FIG. 3 shows a specific example of the macro instruction B. The macro instruction B is a macro instruction AD as shown in the figure.
It consists of D, MLT, ADD, DIV and emulate end instructions, and these macro instructions are executed by the corresponding microprogram.

The advantages of using this embodiment as described above are as follows. The capacity of expensive control storage can be saved. Even if the hardware is changed, the emulation program does not need to be changed because it is written in the computer architecture used. That is, the emulated program created once can be used thereafter. On the other hand, microinstructions change as the hardware changes, so
If you change the hardware, you also need to change the microprogram. Since it is not necessary to create a microprogram corresponding to the macro instruction B and store it in the control memory, the number of steps required for this creation can be saved. Further, since this emulation program can be used thereafter, the need for bugs is eliminated and the reliability of the computer is improved.

[0026]

As is apparent from the above description, the present invention does not necessarily store macro instructions in an expensive control unit, so that the cost of the computer can be reduced and the capacity of control storage can be reduced.

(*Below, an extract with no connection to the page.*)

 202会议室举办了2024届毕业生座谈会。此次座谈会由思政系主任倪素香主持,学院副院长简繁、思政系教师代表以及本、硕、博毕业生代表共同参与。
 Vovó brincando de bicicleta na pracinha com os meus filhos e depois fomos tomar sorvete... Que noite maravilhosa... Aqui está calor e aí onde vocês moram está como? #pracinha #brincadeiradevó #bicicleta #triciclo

Macro instructions can be added without consideration.

[Brief description of drawings]

FIG. 1 is a diagram showing an instruction execution order according to an embodiment of the present invention.

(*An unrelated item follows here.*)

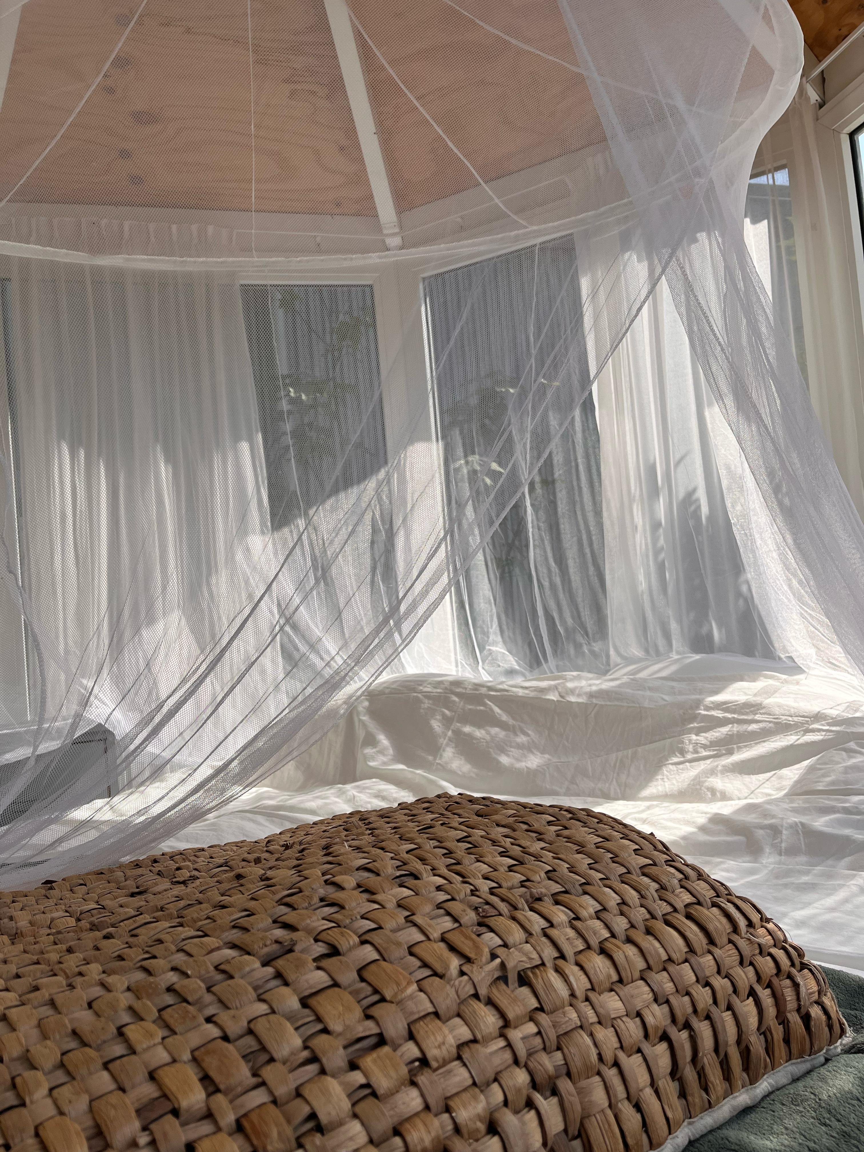 Buitenterrein: Gedeelde zitplekken, hangmatten en kampvuurplaats

FIG. 2 is a diagram showing a main storage area during execution of the embodiment.

FIG. 3 is a diagram showing a specific example of a macro instruction B.

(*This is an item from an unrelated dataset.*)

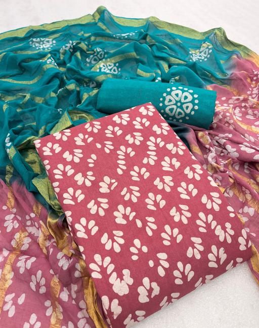 New batik collection top-2.3 mtrs, bottom - 2.1 mtrs , dupatta- 2.1 mtrs, all over hand batik with pure cotton fabric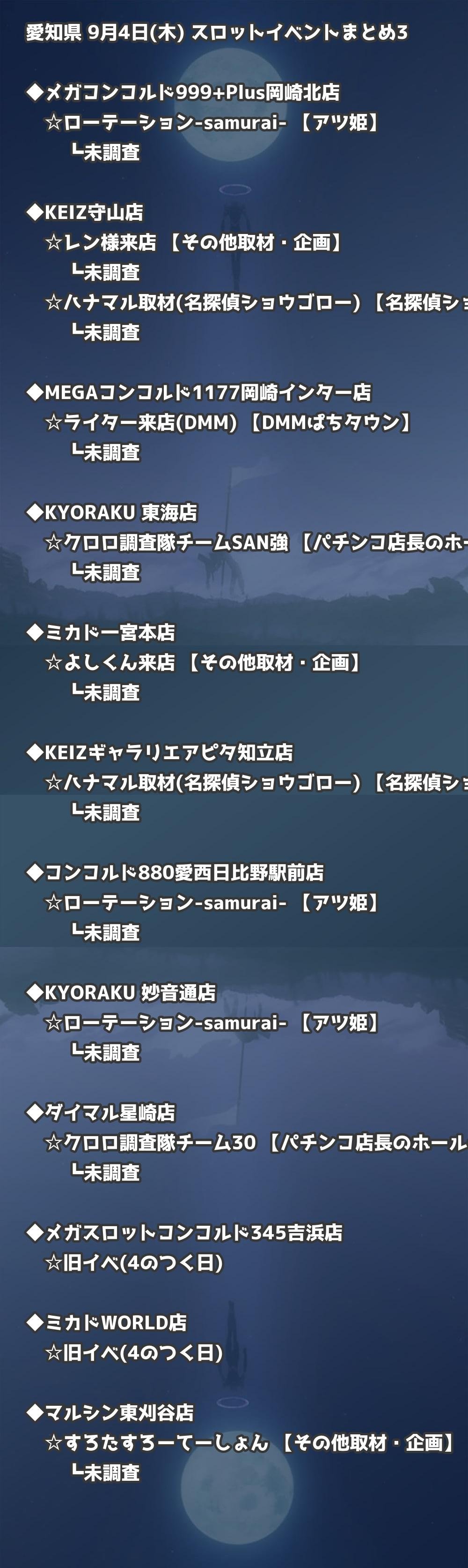 📊 愛知県 9月4日(木) 勝てるパチンコ・スロット取材店舗一覧|おすすめ順

FIG. 4 is a diagram illustrating sequence control of a micro program system.

FIG. 5 is a diagram illustrating an instruction execution order of a conventional example.

FIG. 6 is a diagram showing a main storage area of a conventional example.

FIG. 7 is a diagram illustrating a relationship between a program on a main memory and a microprogram memory.

 ─────────────────────────────────────────────────── ─── Continuation of the front page (72) Inventor Toru Watanabe 1015 Kamiodanaka, Nakahara-ku, Kawasaki City, Kanagawa Prefecture, Fujitsu Limited (72) Inventor, Takumi Maruyama 1015, Kamedotachu, Nakahara-ku, Kawasaki City, Kanagawa Prefecture, Fujitsu Limited ( 72) Inventor Takumi Takeno, 1015 Kamiodanaka, Nakahara-ku, Kawasaki-shi, Kanagawa, Fujitsu Limited (72) Inventor Shinya Kato, 1015, Kamikodanaka, Nakahara-ku, Kawasaki, Kanagawa Prefecture, Fujitsu Limited (72) Inventor, Pawnshy Chon Suvarnapa Isan 1015 Kamiodanaka, Nakahara-ku, Kawasaki-shi, Kanagawa Within Fujitsu Limited

Claims (2)

[Claims] 1. A main memory area for software (1) in one memory space and a macro instruction storage area (3) for storing a macro instruction necessary for executing a specific macro instruction having no microprogram to be executed. And save area (4)
And a microprogram work area (2) having
An execution of the specific macro instruction is stored in the macro instruction storage area (3) when a macro instruction sequence including the specific macro instruction stored in the main storage area (1) is executed; A microprogram type computer characterized by being executed by a macro instruction which can be executed by a microprogram already stored in a control memory. 2. When executing the specific macro instruction, the hardware resource necessary for continuing the execution of the macro instruction next to the specific macro instruction is saved in the save area (4) and an interrupt is generated. The mask instruction is set, the flag indicating the emulation mode is turned on, the macro instruction sequence stored in the macro instruction storage area (3) is executed, and if the emulation flag provided at the end of the macro instruction sequence is on. A special macro instruction indicating completion of emulation is provided, and when this macro instruction is executed, the flag is turned off and the hardware resource saved in the save area is restored and execution of the next macro instruction is executed. The microprogram computer according to claim 1.